Description of the task
With the pictures left out, restate exactly the part below that opens with the line containing "Tomé una carpeta" and closes with the line containing "Eucerin Sun Oil".

Provided data
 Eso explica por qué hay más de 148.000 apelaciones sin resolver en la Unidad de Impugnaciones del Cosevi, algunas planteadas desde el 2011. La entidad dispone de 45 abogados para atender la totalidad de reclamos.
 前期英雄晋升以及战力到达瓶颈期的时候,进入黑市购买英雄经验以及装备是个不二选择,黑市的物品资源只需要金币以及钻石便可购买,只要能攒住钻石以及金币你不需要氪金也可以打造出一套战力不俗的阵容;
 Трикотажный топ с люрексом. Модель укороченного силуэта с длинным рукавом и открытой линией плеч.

---

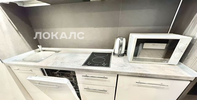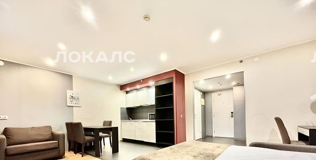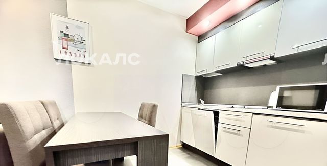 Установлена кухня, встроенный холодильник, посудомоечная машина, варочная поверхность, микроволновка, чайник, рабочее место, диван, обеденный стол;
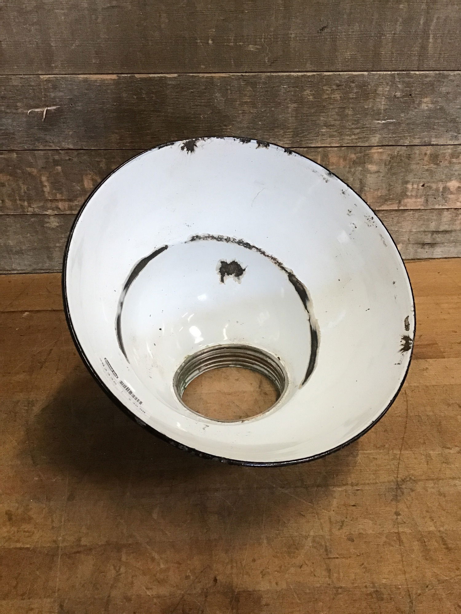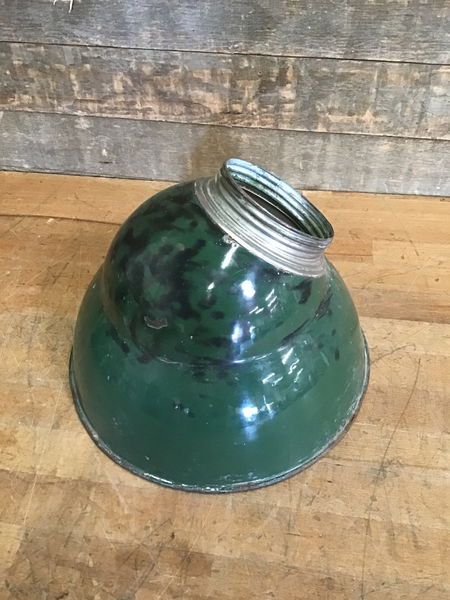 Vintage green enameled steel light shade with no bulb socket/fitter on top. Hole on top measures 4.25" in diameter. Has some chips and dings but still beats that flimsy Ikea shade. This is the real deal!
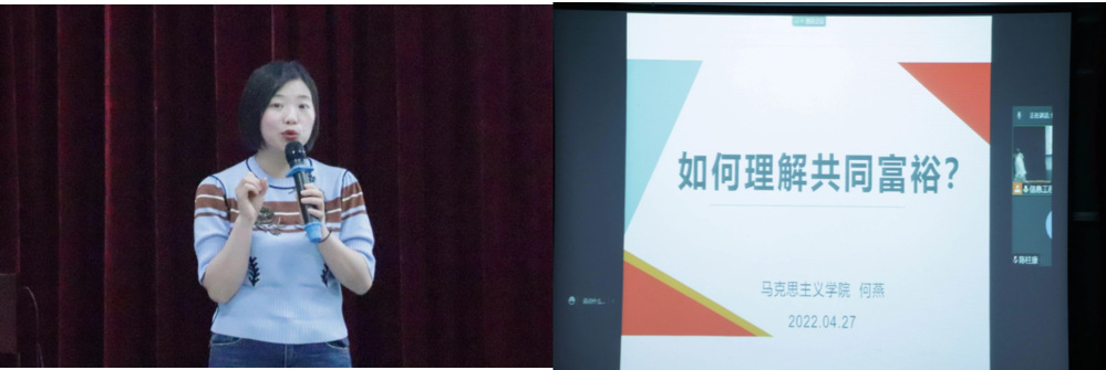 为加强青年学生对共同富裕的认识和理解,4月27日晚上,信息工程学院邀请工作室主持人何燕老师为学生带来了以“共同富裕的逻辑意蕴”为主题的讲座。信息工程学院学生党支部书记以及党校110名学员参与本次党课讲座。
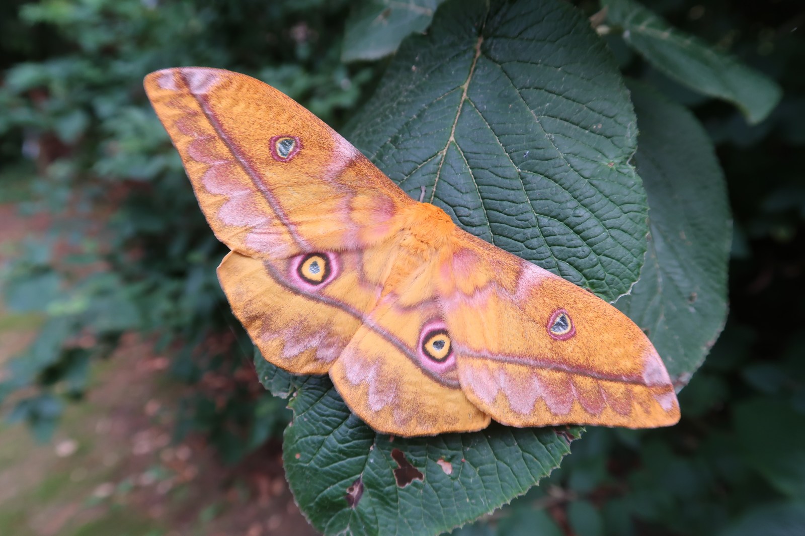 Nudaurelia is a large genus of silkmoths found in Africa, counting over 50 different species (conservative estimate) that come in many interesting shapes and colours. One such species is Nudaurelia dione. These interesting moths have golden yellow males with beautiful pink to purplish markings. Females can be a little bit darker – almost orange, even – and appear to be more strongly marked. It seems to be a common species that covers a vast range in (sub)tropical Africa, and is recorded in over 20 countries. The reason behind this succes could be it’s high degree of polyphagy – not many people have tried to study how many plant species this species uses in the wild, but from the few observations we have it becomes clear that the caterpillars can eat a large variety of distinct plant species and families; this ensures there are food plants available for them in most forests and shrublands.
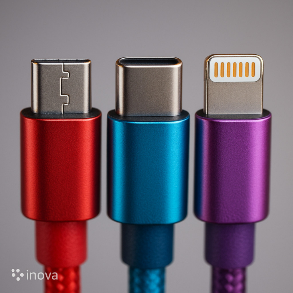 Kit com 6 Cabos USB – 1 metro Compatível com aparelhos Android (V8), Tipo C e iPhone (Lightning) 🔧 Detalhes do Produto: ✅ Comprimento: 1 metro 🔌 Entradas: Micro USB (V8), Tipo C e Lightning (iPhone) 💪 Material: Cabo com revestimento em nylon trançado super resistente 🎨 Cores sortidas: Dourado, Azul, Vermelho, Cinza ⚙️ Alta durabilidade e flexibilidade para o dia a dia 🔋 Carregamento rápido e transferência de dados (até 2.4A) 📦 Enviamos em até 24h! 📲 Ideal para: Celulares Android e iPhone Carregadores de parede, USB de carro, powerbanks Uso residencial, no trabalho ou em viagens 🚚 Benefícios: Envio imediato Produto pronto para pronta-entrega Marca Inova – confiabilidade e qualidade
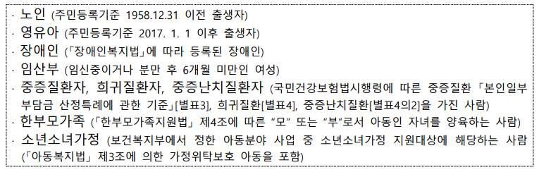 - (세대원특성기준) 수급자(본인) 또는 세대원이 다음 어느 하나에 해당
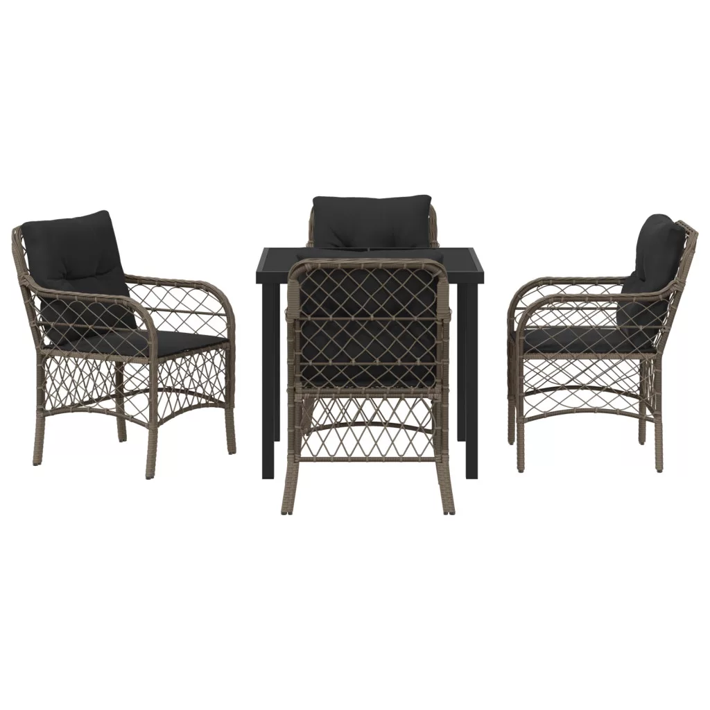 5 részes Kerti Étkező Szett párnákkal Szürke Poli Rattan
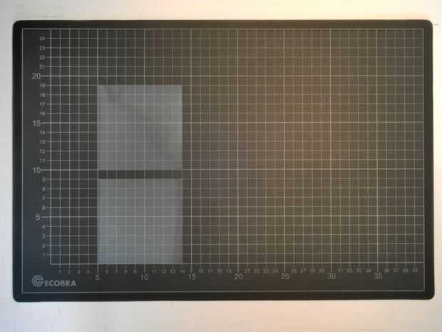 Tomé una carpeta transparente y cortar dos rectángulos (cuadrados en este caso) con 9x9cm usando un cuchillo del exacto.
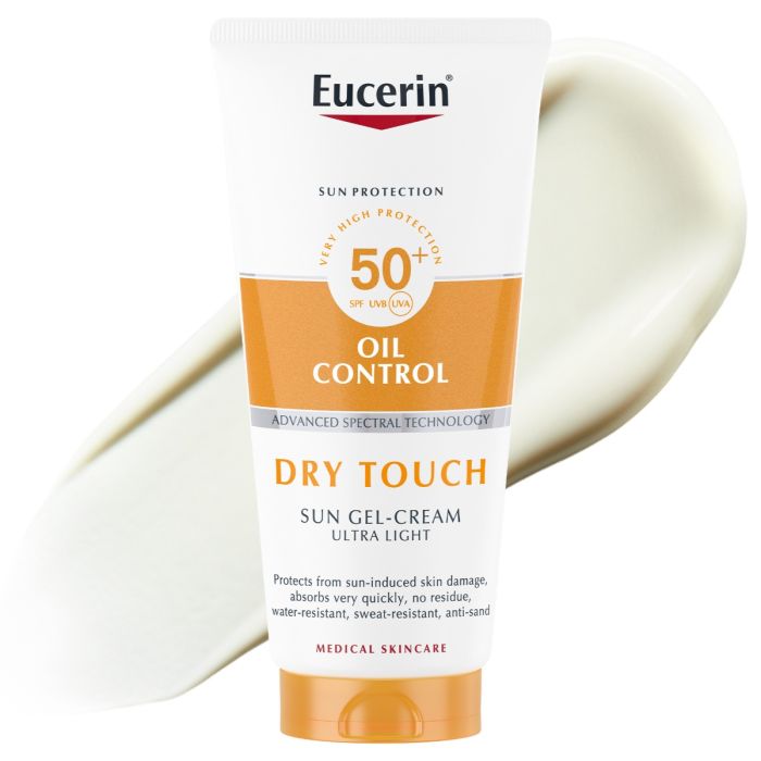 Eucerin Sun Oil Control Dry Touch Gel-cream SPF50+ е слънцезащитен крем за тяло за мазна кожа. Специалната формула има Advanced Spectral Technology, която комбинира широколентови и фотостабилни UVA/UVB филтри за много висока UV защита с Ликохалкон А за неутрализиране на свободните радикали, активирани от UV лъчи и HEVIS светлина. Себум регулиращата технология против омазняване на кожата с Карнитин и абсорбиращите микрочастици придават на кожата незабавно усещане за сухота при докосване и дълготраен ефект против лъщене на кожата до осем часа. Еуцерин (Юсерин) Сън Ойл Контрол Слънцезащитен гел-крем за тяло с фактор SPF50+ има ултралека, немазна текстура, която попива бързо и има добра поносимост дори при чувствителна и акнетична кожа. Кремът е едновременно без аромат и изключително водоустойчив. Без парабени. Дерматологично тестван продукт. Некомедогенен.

Answer box
 Tomé una carpeta transparente y cortar dos rectángulos (cuadrados en este caso) con 9x9cm usando un cuchillo del exacto.
 Eucerin Sun Oil Control Dry Touch Gel-cream SPF50+ е слънцезащитен крем за тяло за мазна кожа. Специалната формула има Advanced Spectral Technology, която комбинира широколентови и фотостабилни UVA/UVB филтри за много висока UV защита с Ликохалкон А за неутрализиране на свободните радикали, активирани от UV лъчи и HEVIS светлина. Себум регулиращата технология против омазняване на кожата с Карнитин и абсорбиращите микрочастици придават на кожата незабавно усещане за сухота при докосване и дълготраен ефект против лъщене на кожата до осем часа. Еуцерин (Юсерин) Сън Ойл Контрол Слънцезащитен гел-крем за тяло с фактор SPF50+ има ултралека, немазна текстура, която попива бързо и има добра поносимост дори при чувствителна и акнетична кожа. Кремът е едновременно без аромат и изключително водоустойчив. Без парабени. Дерматологично тестван продукт. Некомедогенен.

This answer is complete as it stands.